**WHAT THE TASK REQUIRES**.
Retype exactly what appears below from the line containing "Logo of The Juilliard School." down to the line containing "Neve Tsof Forest, new", keeping both end lines. Do not include pictures.

**EXERCISE MATERIAL**.
+ + + + +

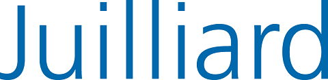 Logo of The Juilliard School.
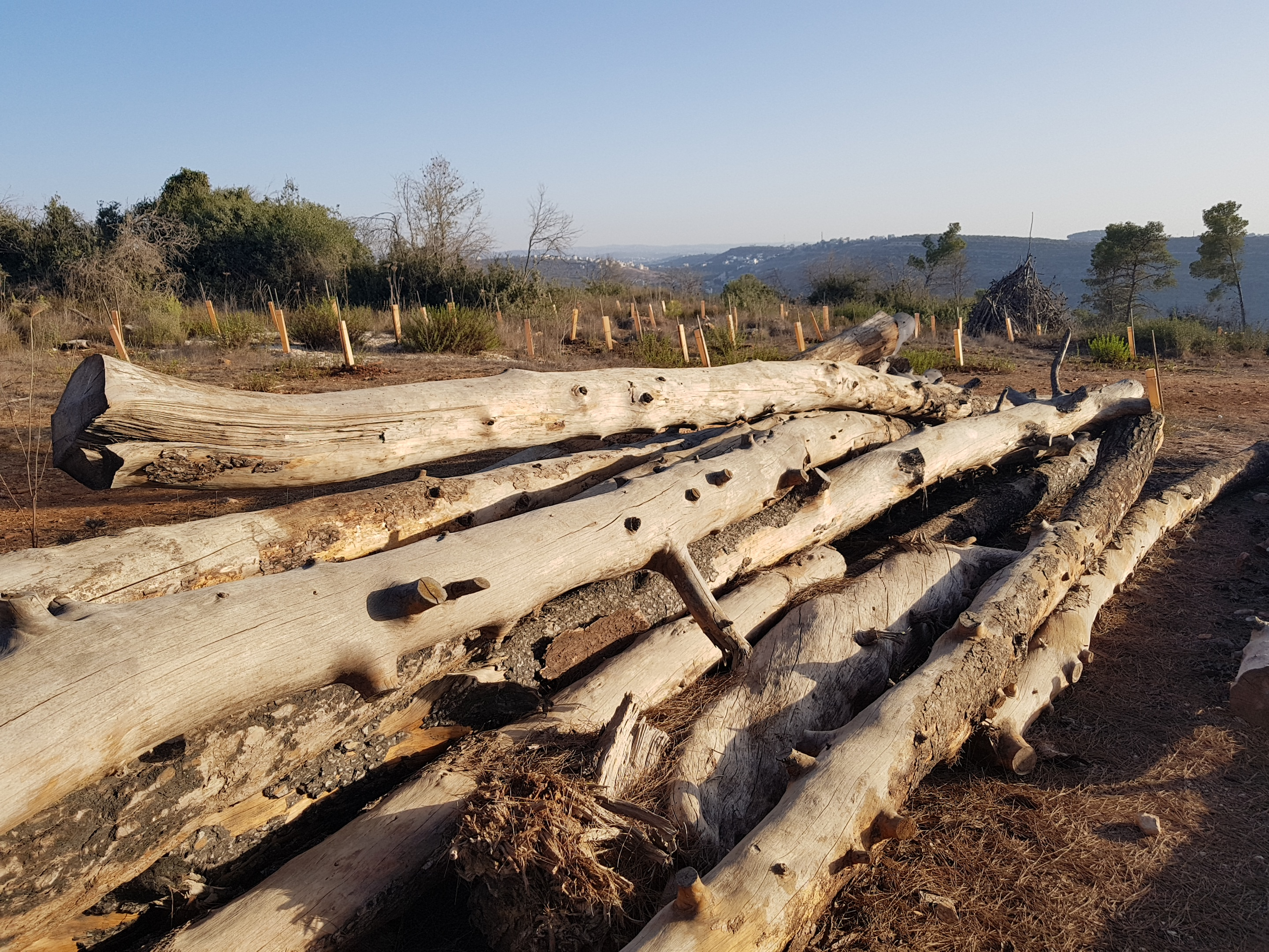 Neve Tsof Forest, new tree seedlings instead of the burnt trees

+ + + + +

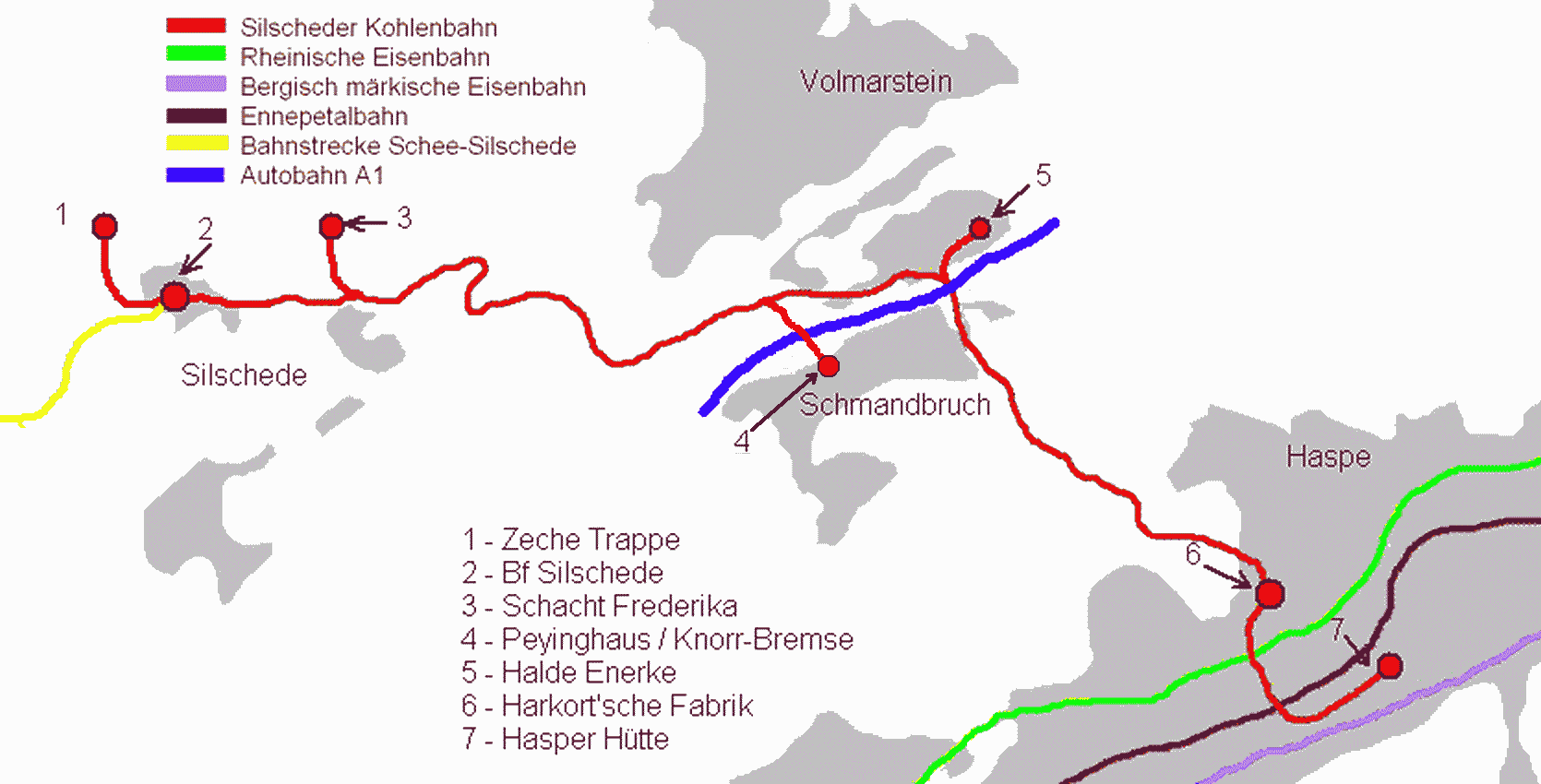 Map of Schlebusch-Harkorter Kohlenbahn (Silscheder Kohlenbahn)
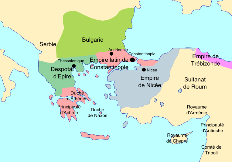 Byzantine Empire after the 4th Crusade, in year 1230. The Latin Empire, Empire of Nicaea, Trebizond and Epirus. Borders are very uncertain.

+ + + + +

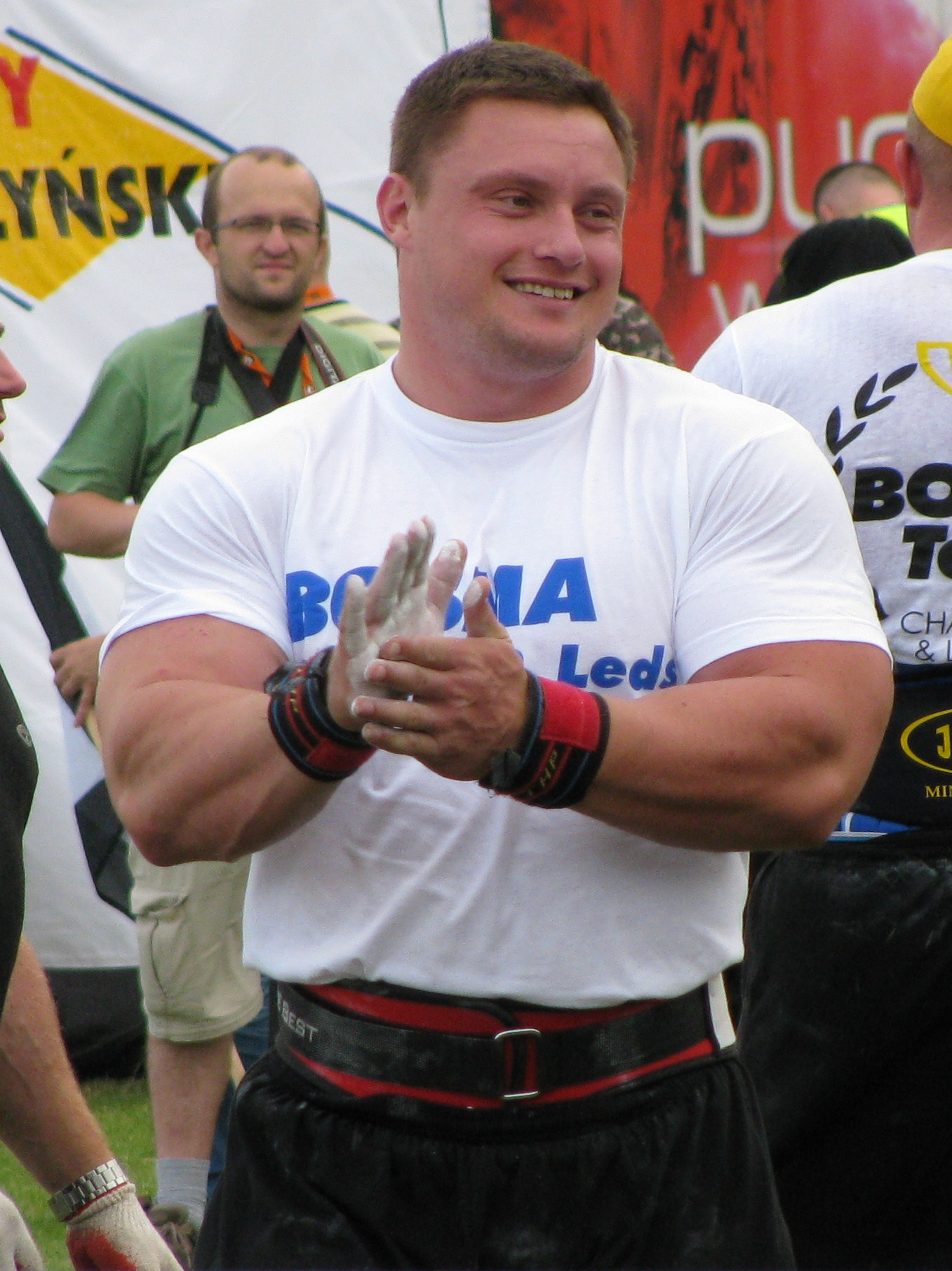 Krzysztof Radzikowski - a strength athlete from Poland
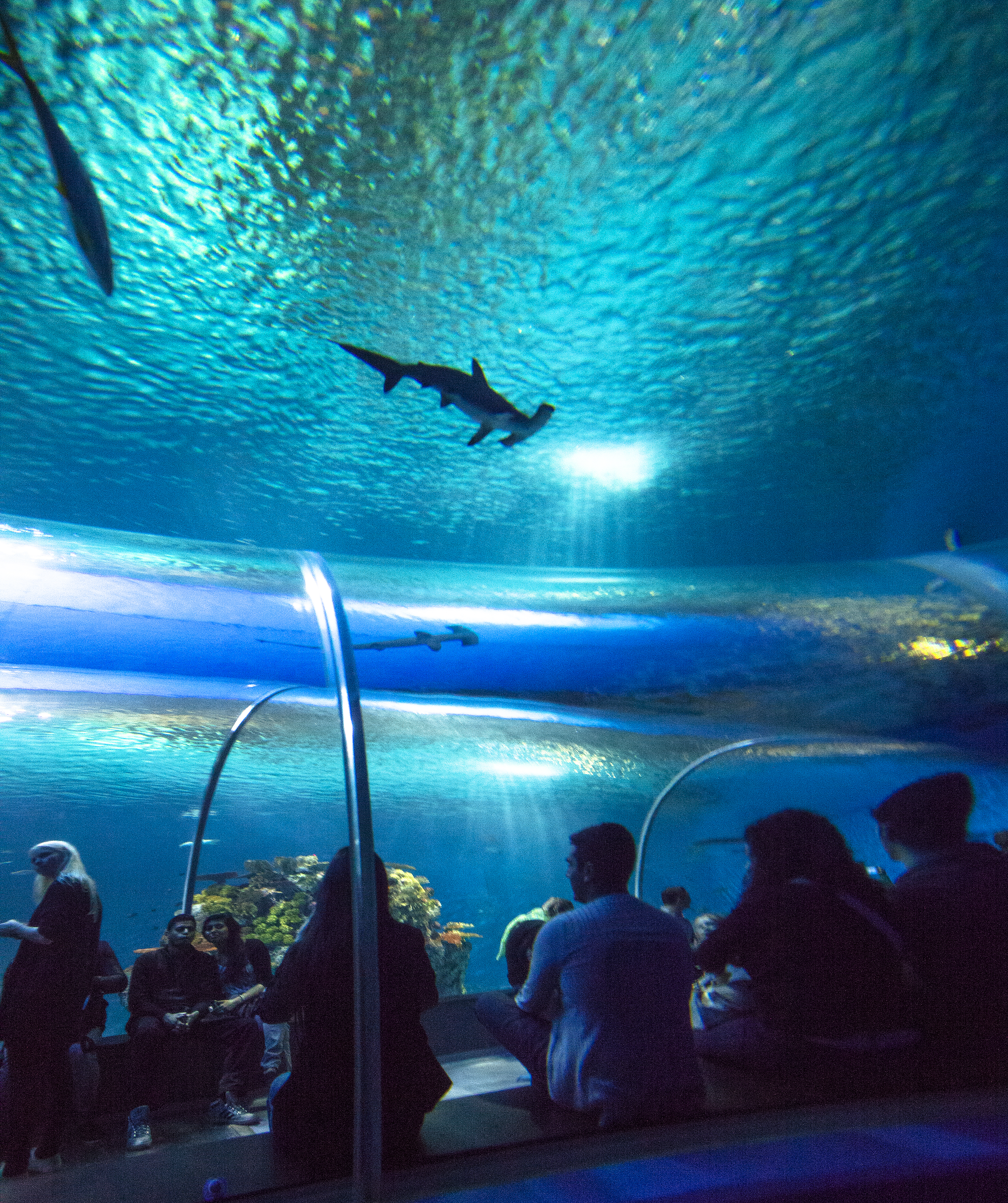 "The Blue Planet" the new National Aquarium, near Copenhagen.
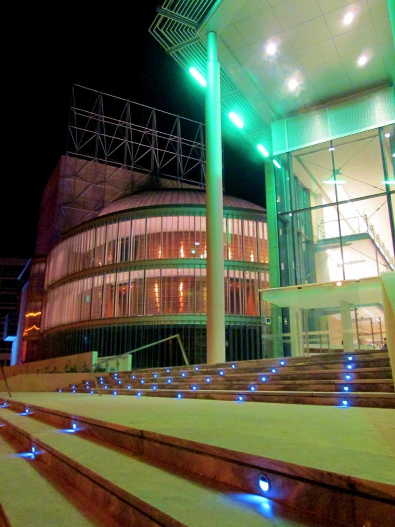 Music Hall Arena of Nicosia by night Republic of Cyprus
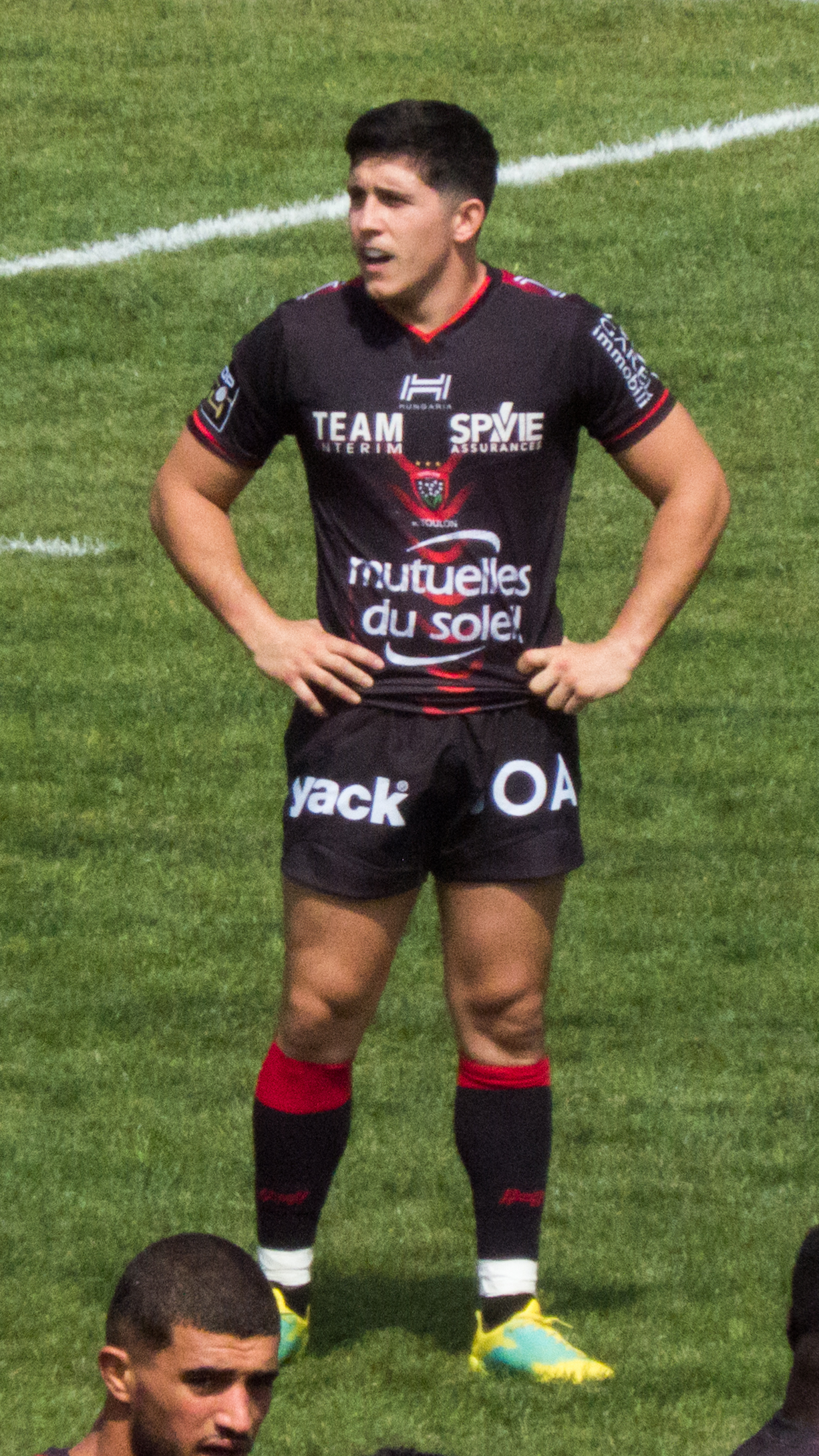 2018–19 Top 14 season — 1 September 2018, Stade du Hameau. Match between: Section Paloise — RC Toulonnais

+ + + + +

**EXPECTED OUTPUT**.
 Logo of The Juilliard School.
 Neve Tsof Forest, new tree seedlings instead of the burnt trees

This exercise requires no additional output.